Barthe et al. analyzed several probabilistic textbook problems using a program logic called Ellora  [19], which is embedded into the EasyCrypt system  [18]:

  • expected running time of the coupon collector problem

  • tail bounds on the running time of Boolean hypercube routing

  • probability of incorrectly classifying two different polynomials as equal in probabilistic polynomial equality checking

The correctness of CLRS’s Randomize-In-Place, also known as the Fisher–Yates shuffle, was verified by Eberl [54].

The correctness and expected running time of randomized quicksort was formalized by Van der Weegen and McKinna [193] (Coq) using their “decision tree” approach mentioned earlier and by Eberl [58, 61]. Both additionally treated the case of average-case deterministic quicksort: Van der Weegen and McKinna proved that its expected running time is \(O(n \log n)\), whereas Eberl additionally proved that it has exactly the same distribution as randomized quicksort.

Eberl  [55, 61] proved that random binary search trees (BSTs into which elements are inserted in random order) have logarithmic expected height and internal path length. He also proved that the distribution of the internal path length is precisely the same as that of the running time of randomized quicksort.

Haslbeck et al.   [61, 94] formalized randomized treaps  [178] and proved that their distribution is precisely equal to that of random BSTs, regardless of which order the elements are inserted. The analysis is particularly noteworthy because it involves continuous distributions of trees, which require a non-trivial amount of measure theory.

Haslbeck and Eberl  [93] also defined skip lists  [171] and formally analyzed two of the most algorithmically interesting questions about them, namely the expected height and the expected path length to an element.

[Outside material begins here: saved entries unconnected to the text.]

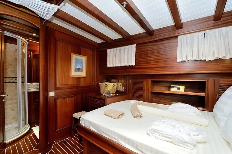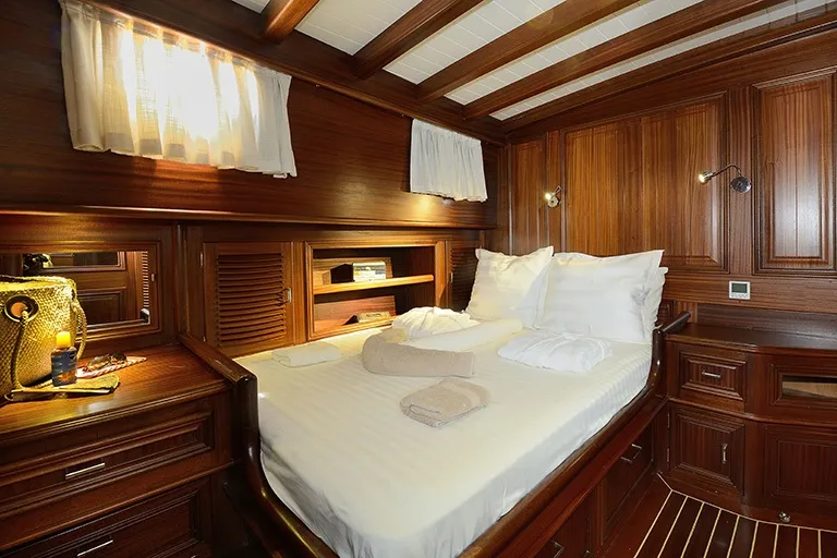 Toplamda 2 double ve 2 twin kabini bulunan teknemiz, 8 kişilik küçük aile ve arkadaş gruplarının rahatlıkla konaklayabileceği şekilde dizayn edilmiştir. Kiralık Bodrum guletleri arasında geniş yaşam alanları ve kullanım kolaylığı ile ön plana çıkan Samarkand, konforu ve huzuru bir arada yaşamanız için tasarlanmıştır.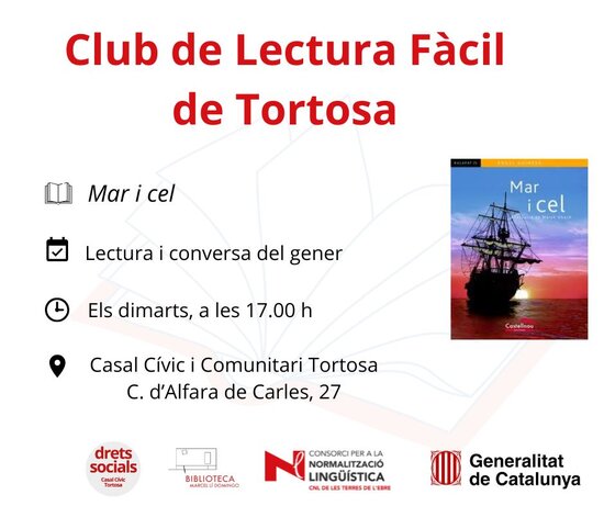 El dimarts 27 de gener, a les 17.00 h, al Casal Cívic i Comunitari Tortosa té lloc una edició del Club de Lectura Fàcil.
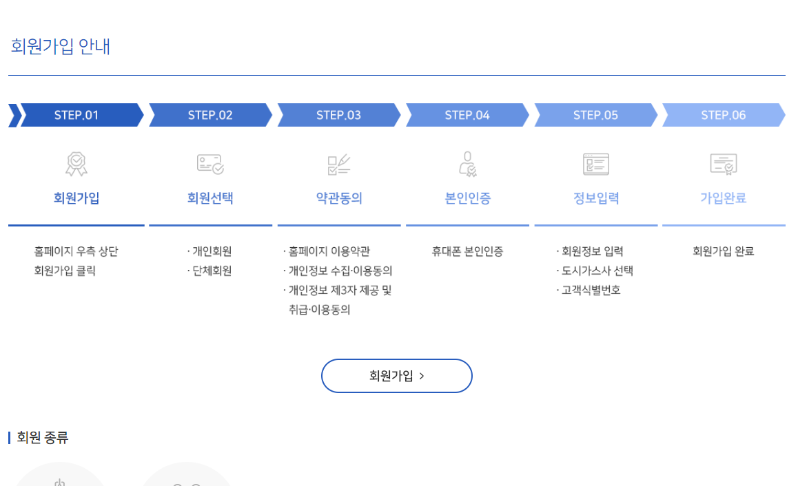 - 회원가입 > 회원선택 > 약관동의 > 본인인증 > 정보입력(도시가스사 및 고객식별번호 등) > 회원가입 완료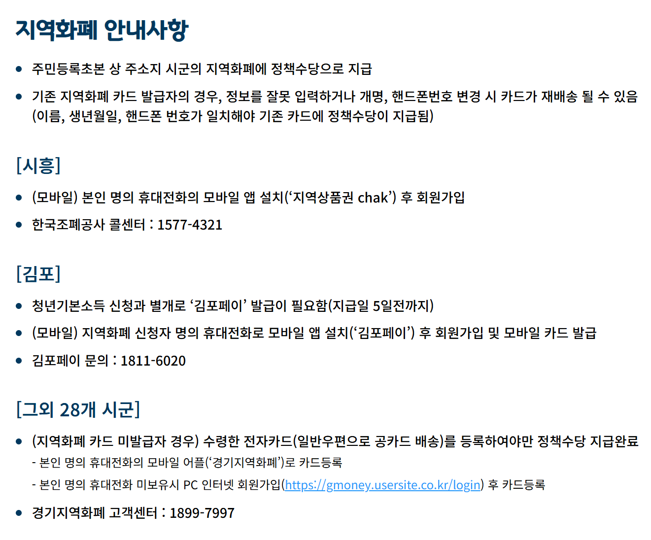 | 지역화폐 카드 | 기존 카드가 있다면 등록, 없으면 신규 발급 필수 |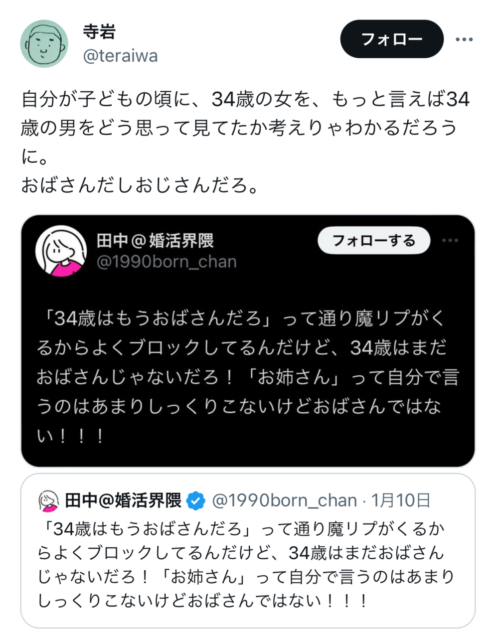 おじさんもおばさんも蔑称ではなく年上の男女を指す言葉なのに「ムキー!私はまだ34歳の(自称)お姉さんだから!」ってSNSで言えちゃうアホだから

Tassarotti and Harper  [187] developed a general cookbook-style method for proving tail bounds on probabilistic divide-and-conquer algorithms in Coq. They applied this method to the running time of randomized quicksort and the height of random BSTs. Later  [188] they used a hybrid approach that combines a program logic for a deeply embedded imperative language with high-level reasoning in Coq to analyze skip lists (restricted to two levels for simplicity).